I am not going to deliver the usual lament about preaching (often delivered, a friend reminded me, by lapsed or lukewarm Catholics). When I was an Episcopalian, friends worried that I might become a Catholic always brought up the liturgy and the preaching. Even then this struck me as irrelevant, but they saw the two bodies as brands in competition, and so thought that I was about to spend the same amount of money for a bashed-up Saturn as I would for a perfectly maintained Mercedes. Why endure old Father O’Shea when you can sit at the feet of the Rev. Canon Horace Q. Swizzlestick III, D.D.?
But in my experience of almost eight years as a Catholic, I have rarely heard a genuinely bad sermon, and I have heard a few very good ones. Even some of the most ineptly composed and delivered sermons included some striking insight that redeemed the mess. Perhaps I’ve been blessed — or maybe my standards are low — but I haven’t found Catholic preaching to be the horror show I was led to expect, even by some Catholics. (I hear horror stories, and I’m sure they’re true, but I cannot tell any.)
Bravo! On Busted Halo® several years ago I had the opportunity to share my thoughts on preaching. I suggested in the article that I will give a particular amount to the weekly collection based on how hard i think the preacher worked on his homily. Here’s a few points for preachers to ponder that would garner my top $25 donation:
The $25 Heavenly Homily: This homily breaks the bank (notice that I’ve provided an extra $5 tip over our allotted amount). I’ll eat ramen noodles all week if a preacher can cover these points:
Does it step into the Present? The stories of scripture are over 2000 years old but that doesn’t mean that it was only relevant then. What implications does the story have for us in the 21st Century?
Did I learn something new? A preacher should never reach into the file cabinet for the “canned homily” they gave last year. If I have to hear Fr. Tony’s story about his grandmother one more time during lent, I’m going to rush the pulpit and sack him.
Is it based on the scriptures of the day? The priest who went over the new mass practices issued by the Bishops during his homily took the lazy way out.
Did it mention Jesus Christ at least once? Hello? Isn’t this obvious?
Does it contain an element of challenge? (see the “Snuggles Teddy Bear Homily” below).
Is it vibrant and engaging. If Father talks in a low monotone he shouldn’t wonder why Timmy’s asleep in the 5th row every week.
It’s called a public speaking class—find one.
You can read more “homily types” here. As there are $25, $20, $15, $10, and even the loose change in my pocket homilies.
One more quick story about preaching:
A young woman had her three rambunctious boys (Ages 7, 5 and 3) in the 4th row at a particular parish in New Jersey. Of course, as boys are wont to do, they weren’t the best behaved in the pew despite the best efforts of the mother to keep them in line.
One would slug the other and then was kicked in return.

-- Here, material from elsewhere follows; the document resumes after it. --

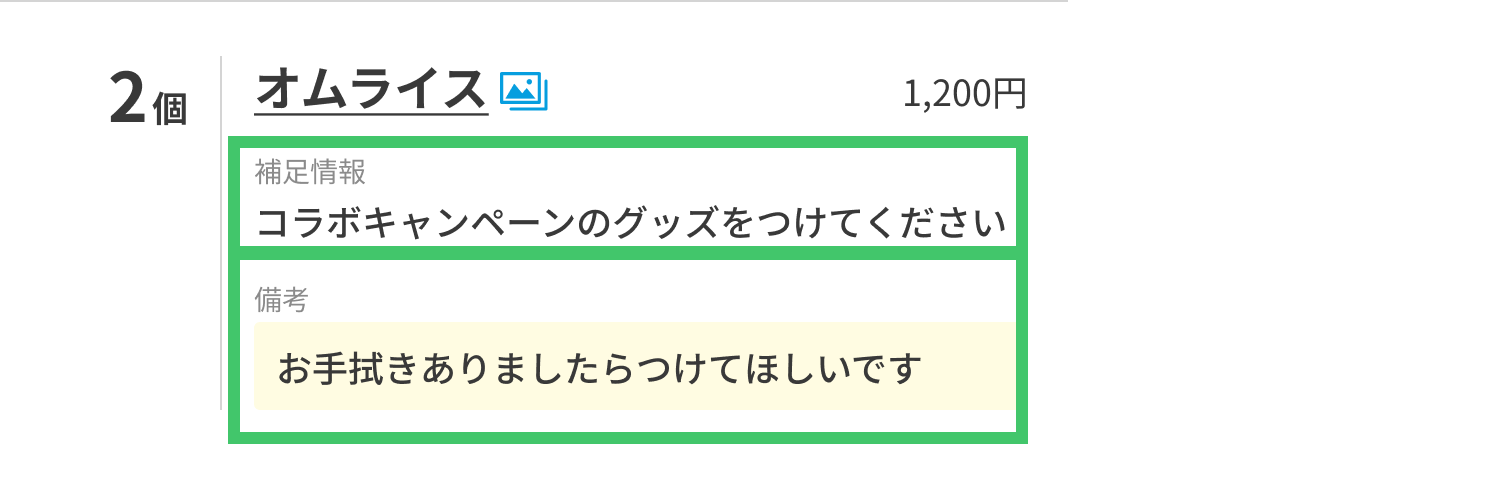 調理者の店舗内のコミュニケーションにお使いください。(店舗アプリ内のみ表示)

Another would pinch the youngest who would then cry or scream and hit the oldest with a missalette. While the family was of course a slight distraction, most of their poor behavior occurred before mass began. During mass an occasional elbow might hit someone and the usual fidgetiness of young boys took hold. So the priest about half-way through his homily bellowed:
“YOU! The one with the three horrible children! You are a terrible mother! I have worked so hard on my homily all week and your children are distracting everyone from hearing it. Take your children and get out! Come back only when they are more well-behaved!”

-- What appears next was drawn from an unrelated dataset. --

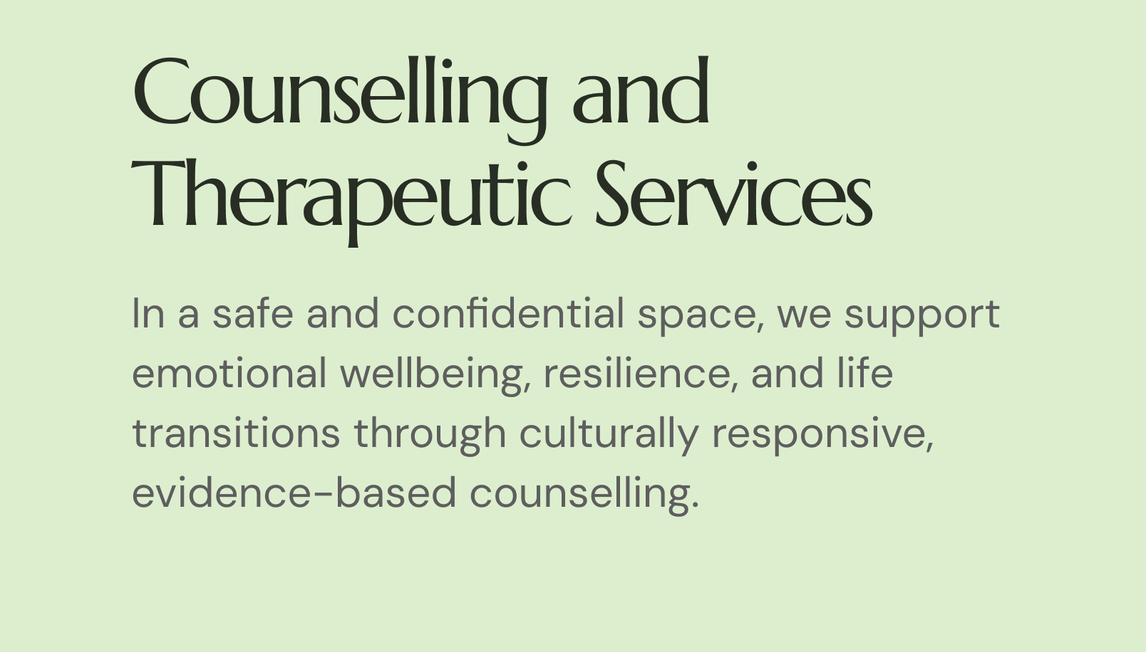 and life transitions through culturally responsive, evidence-based counselling.

What an awful man and such an unkind dismissal. It was then that a parishioner rose and stated:
“Um, Father. Perhaps if you weren’t so boring and actually had something interesting to say the children would be less rambunctious! And maybe the rest of us would listen if you weren’t being such a jerk!”
25 other people left the church with that young woman that day. So for those of us who get the opportunity to preach at mass or as i do in other formats (reconciliation services, etc) it should be a good reminder to us not too get too high and mighty about our own efforts.